The invention provides a method for preparing a high-glucan cell wall product. The method adopts a flow path shown as a figure 1 in the specification. The cell wall product prepared with the method has a stable glucan content of 40% or above, which is greatly higher than that of the existing product in the market; in addition, a raw material used in the invention is a byproduct obtained during yeast cell extraction, and is low in cost; the cell wall product with high glucan content is widely applied to the fields of feed, food and the like; therefore, the method has a great economic prospect.

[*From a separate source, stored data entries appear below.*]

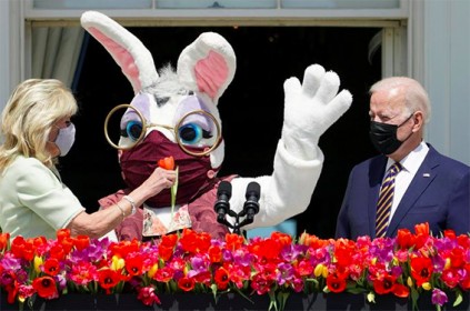 يقف الرئيس الأمريكي جو بايدن لإلقاء ملاحظاته حول تقليد عيد الفصح ، بجانب السيدة الأولى جيل بايدن وهي تحمل زهرة وشخص يرتدي زي أرنب عيد الفصح في شرفة الغرفة الزرقاء بالبيت الأبيض في واشنطن. تصوير: كيفين لامارك - رويترز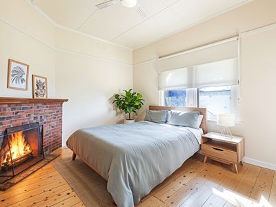 The updated bathroom features modern fittings and finishes, while the spacious laundry includes a separate toilet for convenience. A flexible third bedroom provides versatility and could easily serve as a second living area or cosy sitting room, complete with its own open fireplace.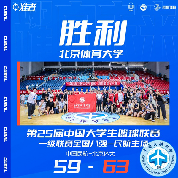 末节,面对如此困境中国民航并没有放弃,高宇坤内线强打命中还造成加罚,刘春雨也扔进三分,中国民航再次顽强扳平比分,杨腾飞篮下强打止血,谢智杰轻松突破再次稳住领先,虽然高宇坤接连内线取分,但北体大都能回应,尼加提三分命中后鲁骜抛投再中将分差拉开至9分,中国民航再无翻盘机会,最终北体大63-59再胜中国民航,昂首挺进全国四强。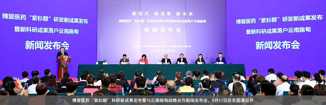 2018年5月17日,在春末夏初的蒙蒙細雨中,北京愈發(fā)呈現(xiàn)出一幅綠意朦朧、生機勃發(fā)之景。在這樣一個萬物競榮的季節(jié)中,在這樣一個清明無限的日子里,天津博愛醫(yī)藥攜凝結了十年心血的研發(fā)成果,在北京全國政協(xié)禮堂召開了“新時代 新成果 新未來——博愛醫(yī)藥‘紫杉醇’科研新成果發(fā)布暨與云南施甸戰(zhàn)略合作新聞發(fā)布會”,為全世界的癌癥患者帶去了健康福音。人類的抗癌史也在這一天開始被改寫!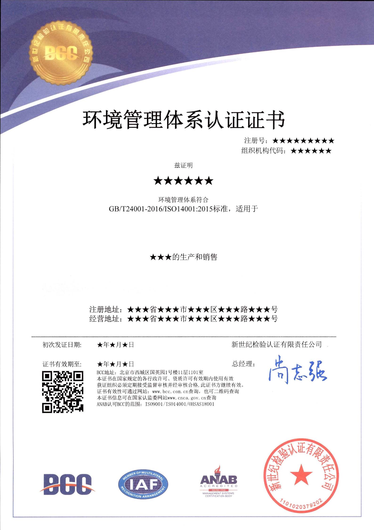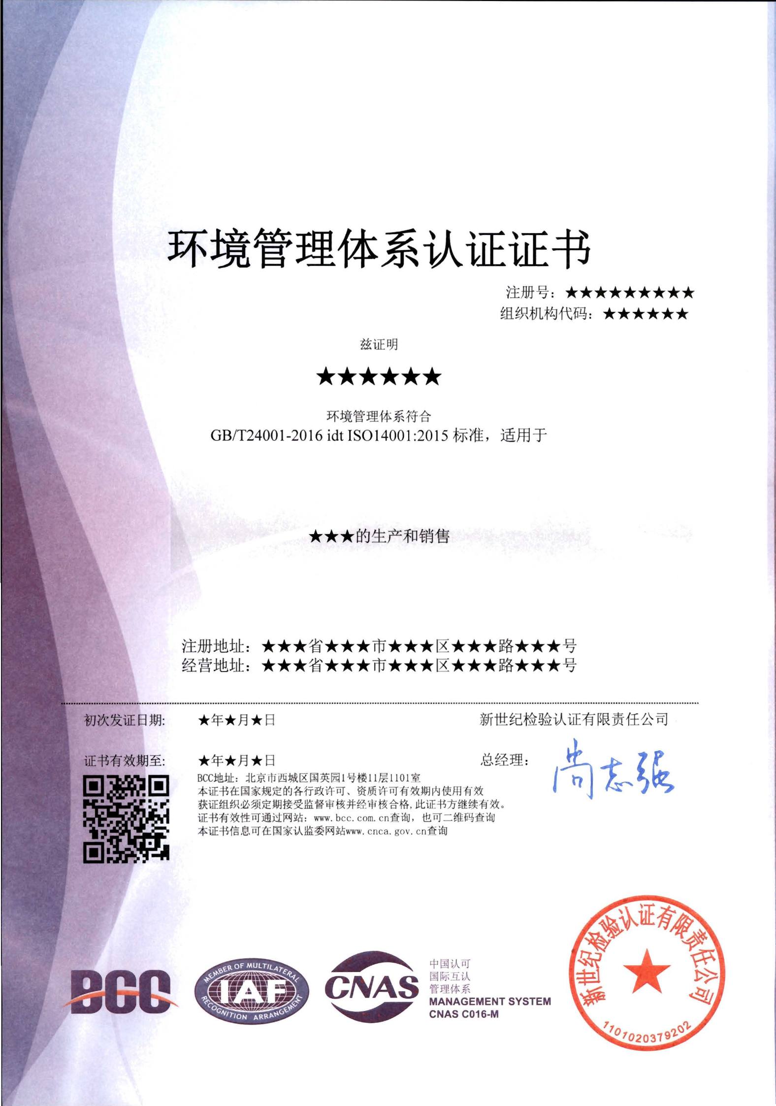 你好,環(huán)境管理體系認(rèn)證書樣本每個認(rèn)證機(jī)構(gòu)都是不一樣的。但是證書上一定有認(rèn)證的標(biāo)準(zhǔn)、標(biāo)志、產(chǎn)品范圍等信息。

The invention discloses a method for producing high maltose syrup with mPEG-Mal5000-β-amylase: ①Mix starch and water into starch slurry, add high-temperature-resistant α-amylase, keep warm at 90°C for 3 minutes, and inactivate the enzyme; ②Inactivate the enzyme Add mPEG‑Mal5000‑β‑amylase to the final starch solution, after enzymatic hydrolysis, boil and centrifuge to obtain high maltose syrup. Compared with unmodified β-amylase, the application of mPEG-Mal5000-β-amylase to produce high maltose syrup, the amount of enzyme added was reduced from 200 U / g to 120 U / g, and the usage was reduced by 40%; the saccharification time was reduced from 28h Reduced to 16h; yield increased from 73.29% to 85.67%. For enzymatic hydrolysis of corn starch, the amount of enzyme added was reduced from 200 U / g to 100 U / g, and the usage was reduced by 50%; the saccharification time was reduced from 27h to 14h; the yield increased from 76.53% to 86.34%.